WARSAW, Poland — When plans were announced in October for the beatification of Cardinal Stefan Wyszynski, fresh tributes poured in for the man who steered Poland’s Catholic Church through dark years of communist rule.

The former primate will be declared blessed — a step on the way to sainthood — June 7 at an open-air Mass in Warsaw. While supporters are recalling his personal strength in defending the church against relentless opponents, they also are stressing his sanctity as a figure of prayer and devotion.

“We must see him not just as a statesman who led church and society, like Moses, through the red sea of communism, but also as a fervent believer in God who served people,” said Capuchin Father Gabriel Bartoszewski, vice postulator of the cardinal’s process.

“He was widely admired as a saint at his death, with noble, heroic qualities obvious to those around him,” Bartoszewski added.

Born Aug. 3, 1901, in Zuzela, Poland, Stefan Wyszynski was ordained in 1924, serving as a chaplain to Poland’s underground Home Army, the AK, under wartime German occupation.

He was named bishop of Lublin by Pope Pius XII in 1946, becoming the country’s youngest prelate, and was elevated to archbishop of Warsaw-Gniezno two years later.

Raised to cardinal in 1953, three years after signing a controversial “understanding” with the communist regime, he was forcibly prevented from receiving his red hat until 1957.

Wyszynski died May 28, 1981, during strikes by the Solidarity movement, and his Warsaw funeral was attended by tens of thousands of Catholics in a show of anti-communist defiance.

Earlier this fall, the president of the Polish bishops’ conference, Archbishop Stanislaw Gadecki of Poznan, said Wyszynski had “never held back from proclaiming the Gospel and recalling the truth, even at risk to his freedom and life” during 33 years as Poland’s primate.

Cardinal Kazimierz Nycz of Warsaw told Poland’s Catholic Information Agency, KAI, that Wyszynski’s teachings remained a “clear and transparent reference point” for older Poles but could also be seen as “relevant and timeless” at a new time of deep social divisions.

Bartoszewski said he thinks “undimmed spirit of resistance and hopefulness” shown during Wyszynski’s imprisonment were key to understanding his saintly qualities.

“Despite the hardships inflicted on him, he was still able to greet his guards and those watching him, always maintaining his dignity as a priest and bishop, and practicing the Christian virtues of faith, hope and love,” he told Catholic News Service.

“This courageous testimony enabled him to talk to his persecutors and clarify many things.

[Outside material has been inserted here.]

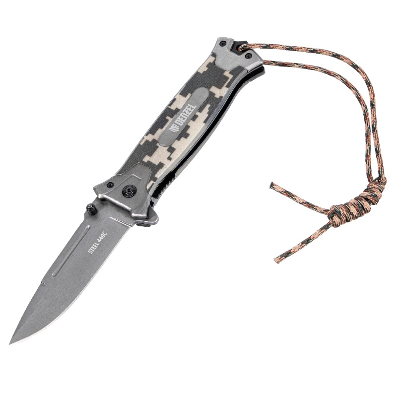 Нож складной, многоцелевой Denzel 79208, системы Liner-Lock, с накладкой G10, на прямой рукоятке+стеклобой находит широкое применение при активном отдыхе на природе, во время рыбалки и охоты. Флиппер помогает быстро раскрывать нож. Также нож оснащен стеклобоем, которым можно разбить стекло в аварийной ситуации.Преимущества Система Liner-Lock — такой тип замка позволяет раскрывать и закрывать нож одной рукой Высокий ресурс и коррозионная стойкость — лезвие ножа выполнено из стали 440C твердостью 56-58 HRC с покрытием TiCN Безопасная эксплуатация — рукоятка с многослойной накладкой G10 из стеклотекстолита предотвращают соскальзывание руки на лезвие Удобная транспортировка — нож оснащен стальной клипсой для фиксации на ремне

While the communists went on harassing him, they also relied on his stature and integrity.”

Freed in October 1956, when Poland’s new communist ruler, Wladyslaw Gomulka, hoped the church would help calm industrial discontent, Wyszynski resumed his defense of Catholic rights, but also reached a new deal with the regime two months later, allowing freer church appointments, some religious teaching and 10 Catholic seats in the State Assembly.

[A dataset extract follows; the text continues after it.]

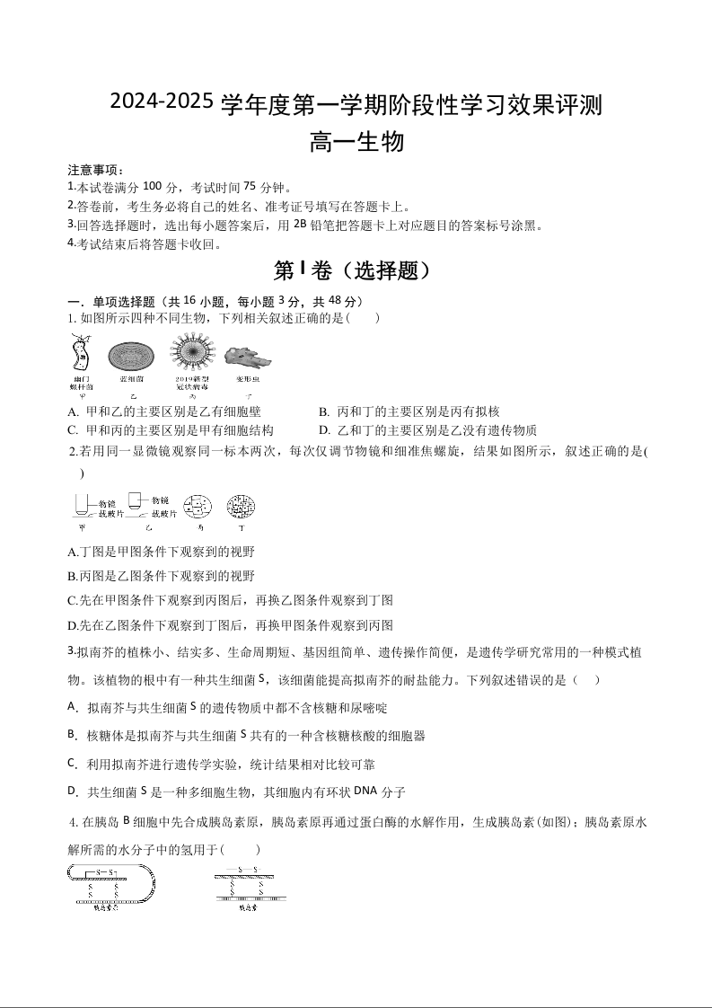 陕西省西安市部分学校2024-2025学年高一上学期12月联考生物+答案

Although allowed to attend the Second Vatican Council from 1962 to 1965, Wyszynski was constantly shadowed by Poland’s secret police and monitored by the Soviet Union’s KGB. He criticized Vatican attempts to use diplomacy with Eastern Europe’s regimes and dashed the hopes of some Catholic groups who hoped to modify communism by “working within the system.”

Yet he remained open to patient negotiations and left a detailed record of his thoughts and actions in counseling against militancy and violence at times of unrest.

Following his October 1978 election to the papacy, having weathered communist attempts to sow tensions between them, St. John Paul paid tribute to Wyszynski’s faith and endurance “in face of prison and suffering,” telling the primate there would have been “no Polish pope in the see of Peter” without him.

The Vatican in September confirmed a miracle to his intercession: The inexplicable recovery of a dying 19-year-old Polish cancer patient in 1988.

Historian Jan Zaryn told CNS he hoped the June beatification would encourage new interest in Wyszynski among younger Poles, but also offer “important insights” to the church outside Poland on “what it means to be European” and how to “combine openness to others with pride in one’s own inheritance.”